5.4 Diversity Reception

In addition to a rake receiver, it is also useful to apply diversity reception with multiple receiver antennas at a base station to improve the system capacity. We have also considered a straightforward receiver model with dual diversity reception according to Fig. 11, which has two antennas and rake receivers. In this model, the outputs from two rake receivers are combined and then fed into the channel despreader. The operations at each block are exactly the same as one without diversity reception as described in the previous sections. Since the combined signal from two rake receivers has a higher signal-to-noise ratio, the diversity receiver can improve the performance significantly under the fading environments.


In this model, the outputs from the totally 2N rake fingers are combined together. It may be preferable to use a single rake receiver instead of two rake receivers in terms of implementation cost. Since this receiver is almost equivalent to using a rake receiver with 2N rake fingers, it is advantageous to use a single rake receiver with antenna diversity. For instance, N/2 rake fingers in the rake receiver are assigned to the low-pass filter out second antenna. As a result, the rake receiver picks up totally N paths from two receiver antennas instead of 2N paths.

5.5 Channel Despreading

Following the rake receiver is the channel despreader. Its block diagram is shown in Fig. 12. Thanks to the orthogonal properties of Walsh functions, the channel despreader can separate the output signal from the rake receiver into individual channels using Walsh functions. The complex output signal from the rake receiver is first separated into real and imaginary parts. Note that the real part contains the R-SCH2 and DCCH, and the imaginary part contains the R-FCH and R-SCH1 (see Fig. 5). Then the (coded) data stream on each channel can be recovered by taking the correlation between the real (or imaginary) part signal and the same Walsh function used at the transmitter, as shown in Fig. 12. Outputs from the despreader are then fed into the channel decoder which will be discussed in the following section.


5.6 Base Station Decoding

The reverse link decoder consists of an R-FCH decoder, R-SCH decoder, and R-DCCH decoder. The R-SCH decoder is actually made up of the R-SCH1 and R-SCH2 decoders. The operations of these decoders are basically common and are the reverse operations of the encoders. Figure 13 shows the general structure of the decoder. After storing the outputs from the channel despreader for the frame duration, the deinterleaver rearranges the order in the opposite way to the interleaver. Then zeros are inserted into the data stream according to the puncturing pattern at which the encoder was supposed to puncture. Then to compensate symbol repetition, the data stream may be averaged over the length of the repetition factor. After that, data can be recovered by the maximam likelihood decoder,

a.k.a. Viterbi decoder. The decoded symbols are then verified by using CRC bits. Note that the R-FCH decoder requires an additional operation (i.e., blind rate detection) to estimate the data rate because such information is not explicitly transmitted (note that R-FCH can use transmission at variable rates). Bear in mind that rate detections are not necessary for the R-SCH because the rates are fixed.
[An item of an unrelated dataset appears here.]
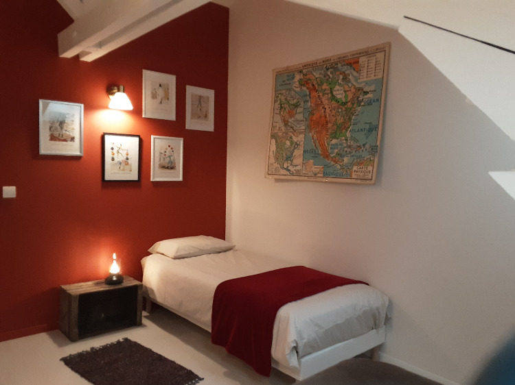 – 1 chambre avec lit simple (90 x 200) et lit bébé en bois,

The data rate on the R-FCH is variable, with the ability to change on a frame-by-frame basis. Since the rate information is not explicitly transmitted, the decoder must estimate the data rate based on the received signal. Note that no particular rate decision algorithm has been described in the cdma2000 specification. We have developed an R-FCH decoder consisting of four convolutional decoders. Each decoder is designed to decode one of four possible data rates. At this stage, there are four candidates for the R-FCH data stream. The receiver chooses one based on the CRCs and the Viterbi metrics. The Viterbi metric indicates the likelihood that the decoded data is correct. In the event of a single CRC success, the rate that triggers the success is chosen. It is necessary to have another decision measure, both as a backup and to handle the lower rates of Radio Configuration 1, which does not include CRCs. For cases of zero or multiple successes, the data with highest Viterbi metric is selected.


6. Link Budget

The reverse link budget calculation is based on the equations specified in the cdma2000 Physical Layer Proposal [1] for allocating power to the CDMA channels. In the equations, mean power is referenced to the nominal CDMA Channel bandwidth of 1.23 MHz for spreading rate 1 (N = 1) and 3.69 MHz for spreading rate 3 (N= 3). For simplicity, the term "Code Channel" is used here to represent the R-FCH, R-SCHI, R-SCH2, or R-DCCH. The output (transmit) power of each Code Channel is set at the mobile station relative to that of the R-PICH. Therefore, the first task is to determine the output power of the R-PICH, [P.sub.pilot], using open loop power estimation [1]. Then, the output power of every Code Channel, [P.sub.pilot], can be calculated, based on the and the stored parameters in the mobile station.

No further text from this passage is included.